The travails of the ADC sector can be partly explained by difficulties relating to the quality of the target and the properties of the targeting antibody. However, this explanation misses a critical point. The success of ADCs also requires stability of the linker that connects the toxin to the antibody and dictates the pharmacokinetic (PK) properties.
Classical ADCs generated by chemical conjugation suffer from a variety of liabilities, including product heterogeneity, weak linkers and variable PK properties. These shortcomings translate into drugs with narrow therapeutic windows. Unstable linkers also prohibit the use of very potent toxins because they result in ADCs that are liable to release the payload before engaging with tumor cells, resulting in significant side effects.
These shortcomings have made it hard to develop safe and effective ADCs.
Fig. 1 | NBE’s SMAC technology for site-specific conjugation. This is a highly efficient conjugation technology, which routinely achieves more than 97% conjugation efficiencies. It is also highly selective and causes no stress on the antibody and even works on semi-purified mAbs.
How NBE-Therapeutics is improving ADCs
NBE-Therapeutics has solutions to the key challenges in ADC development. First, NBE-Therapeutics leverages its own discovery and optimization platform to develop novel antibodies against any relevant tumor target. The Transpo-mAb Display platform is based on mammalian cell display of full-length immunoglobulin G libraries expressed by stable DNA transposition. As the antibodies are expressed in B lymphocytes, the platform selects for well-expressed and well-behaved candidates with favorable developability and PK profiles. These antibodies are an important part of iADCs with favourable PK properties. Second, NBE-Therapeutics has developed a proprietary enzyme-based conjugation platform, called SMAC-technology. The platform uses a unique class of sortase transpeptidase enzymes that catalyze the formation of stable peptide bonds at specific pentapeptide substrates incorporated into the antibody sequence. SMAC-technology conjugation is highly selective, site-specific and efficient and occurs under physiological conditions with minimal stress on the antibody molecule during conjugation (Fig. 1).
Third, NBE-Therapeutics is leveraging its site-specific SMAC-technology to generate homogenous iADCs with ultrapotent proprietary anthracycline-based toxins conjugated to antibodies via stable peptide bonds. The combination of these technologies results in iADCs with excellent pharmacological and PK properties, long serum half-lives and high serum stability. These characteristics translate into a predicted favorable therapeutic index.

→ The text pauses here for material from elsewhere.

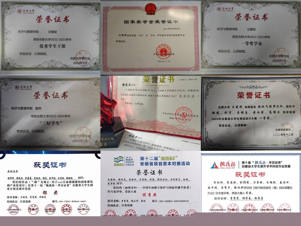 學習上,她們勤勉篤學,銳意進取。寢室長汪晉昭同學擔任班長、輔導員助理,連續兩年綜合測評位列班級第一,獲國家獎學金、校級一等獎學金,更以“優秀學生干部”“三好學生”“優秀團員”等稱號印證全面發展之路,她積極參加學科競賽并獲得省獎十余項、校獎二十余項,學習上認真刻苦,思想上積極向上,工作上嚴謹負責。謝然同學在班級擔任學習委員,曾任南艷青年新媒體中心主編,在學科競賽中斬獲安徽省物流設計大賽一等獎,獲校二等獎學金、三好學生、優秀團員等榮譽稱號,秉持著謙遜的態度,通過不懈的努力不斷進步。強若蘭同學作為班級生活委員,秉持著高度的責任心,細致入微地處理班級各項事務。在學校國旗護衛隊中,她憑借日復一日刻苦訓練磨礪出的過硬素質,從眾多隊員中脫穎而出,擔任副班長一職。訓練時,不僅嚴于律己,更主動幫助新隊員糾正動作、講解要領,以專業的指導和耐心的態度贏得隊員一致認可,獲評“優秀教員”稱號。此外,她在各項任務中始終沖鋒在前,以出色表現榮獲“優秀個人”表彰,成為校園里踐行愛國精神與責任擔當的榜樣。

The therapeutic potential of iADCs
NBE-Therapeutics has demonstrated in preclinical models that iADCs eradicate tumor cells through effective targeting and elicit strong, long-lasting antitumor immunity. This immunity even prevents tumor regrowth if the iADC-cured animals are rechallenged with the same tumor type.

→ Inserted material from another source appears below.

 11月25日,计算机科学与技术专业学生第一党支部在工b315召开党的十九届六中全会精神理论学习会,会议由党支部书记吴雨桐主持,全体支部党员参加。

If this performance translates into humans, iADCs will transform cancer care by both wiping out tumors and by activating the immune system against residual tumor cells.

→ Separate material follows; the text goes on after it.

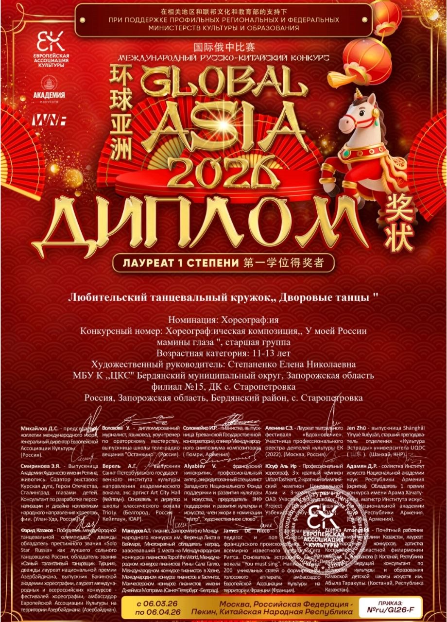 Кружковцы Старопетровского ДК завоевали первые места на фестивале «ГЛОБАЛ АЗИЯ2026»

The immune-stimulatory function of iADCs also suggests the drugs will combine effectively with checkpoint inhibitors. Suboptimal dosing of both iADCs and checkpoint inhibitors has shown strong synergistic antitumor responses beyond those achievable by either drug individually.
NBE-Therapeutics has recently selected its first iADC development program targeting the tumor-associated antigen receptor tyrosine kinase-like orphan receptor 1 (ROR1). The planned clinical development program will initially target triple-negative breast cancer and lung adenocarcinoma, indications in which a significant fraction of patients express ROR1.
Anti-ROR1 iADC NBE-002, the first and presumably best-in-class ROR1-targeted ADC therapy, will serve as a proving ground for NBE-Therapeutics’ technologies. NBE-002 could mark the beginning of the end for ADC development difficulties, leading to better drugs for patients with a range of cancers.